This problem requieres a bit of math. The first thing I did was to write a function that would find the parent of a given node in a perfect binary tree. I used the following logic:

The total number of nodes in a perfect binary tree of height h is 2^h - 1.
The maximum node number in the left subtree is the current node number minus the number of nodes in the right subtree (which is equal to 2^(current_height-1) - 1) minus 1 for the current node itself.
If the number we're looking for is less than the maximum node in the left subtree, it's somewhere in the left subtree. We'll move to the left subtree and continue.
Otherwise, it's in the right subtree. We'll move to the right subtree and continue. The maximum node in the right subtree is the current node - 1.
Whether we moved left or right, we're now looking at a subtree, so we decrease the height.
If we've gone through the whole tree and didn't return, something is wrong. The number wasn't in the tree.
If we're looking for the root, it has no parent, return -1.
If the number we're looking for is the current node - 1 or the maximum node in the left subtree, it's the direct parent of the current node. Return the current node.

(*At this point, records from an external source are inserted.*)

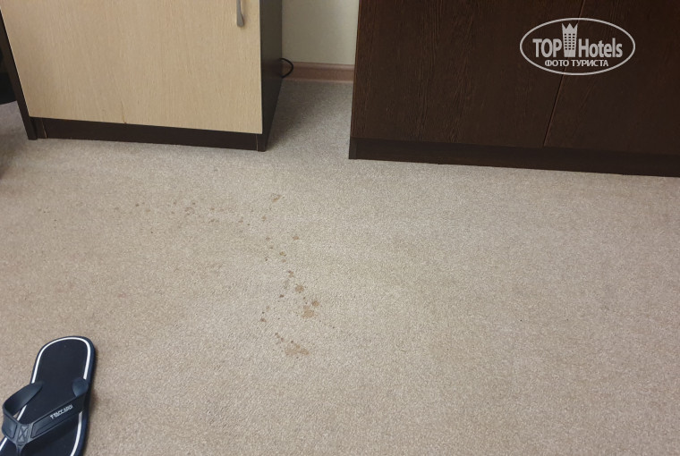 -Зайдя в номер первое что бросилось в глаза - грязнющий пол, в нескольких местах с брызгами чая/кофе, в других местах разводы, как-будто от шоколада (или чего похуже). Обои местами ободранные и грязные.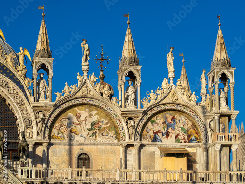 Naklejka premium Facade detail of the San Marcos Basilica with mosaic with scenes from the life of Christ, Venice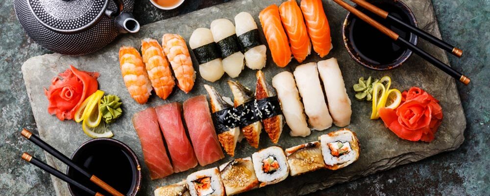 Sushi is a Japanese dish that typically consists of vinegar rice, often and topped with various ingredients. They often include raw or cooked seafood, but there are variations with other ingredients like egg and vegetables. The ingredients are often wrapped in dried seaweed, cut, and served in bite-sized portions. Sushi is commonly associated with Japanese cuisine, and has become popular worldwide with many different styles. Sushi is often served with soy sauce, wasabi, and pickled ginger, and can be enjoyed as a snack, a meal, or a special occasion dish. The art of sushi-making has a long and rich history, and is considered a highly skilled culinary art form. Even among the population, it is a beloved part of Japan’s food culture.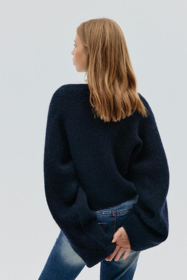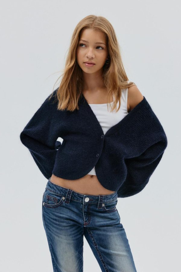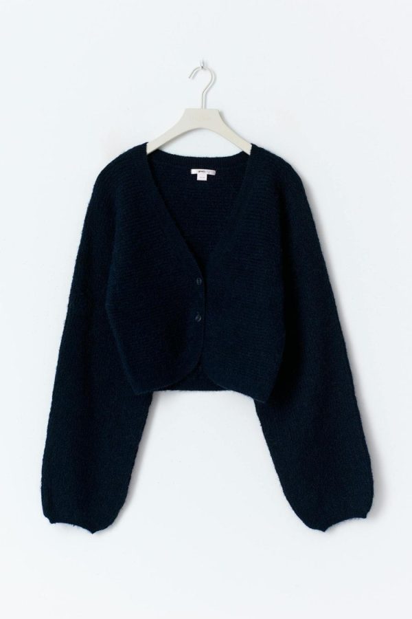 Stickad bolero med knappar framtill. Boleron är marinblå och har långa ärmar. Den har normal passform, rund halsringning och ribbstickning vid ärmslut och i nederkant.

Once I had this function in place, the rest was easy. I just had to call the function for each converter in the list and add the result to the final list.

Thanks for reading!

There were 2 more challenges for level 3, but I will not cover them here as they are quite complex and I don't want to spoil the fun for anyone who might want to try them.

Once I completed level 3 and submitted my solution, i was asked to provide some information about myself. I was also given the option to share my profile with recruiters. I'm not sure if this is still used to find candidates, but it was a fun experience nonetheless.

I hope you enjoyed this post.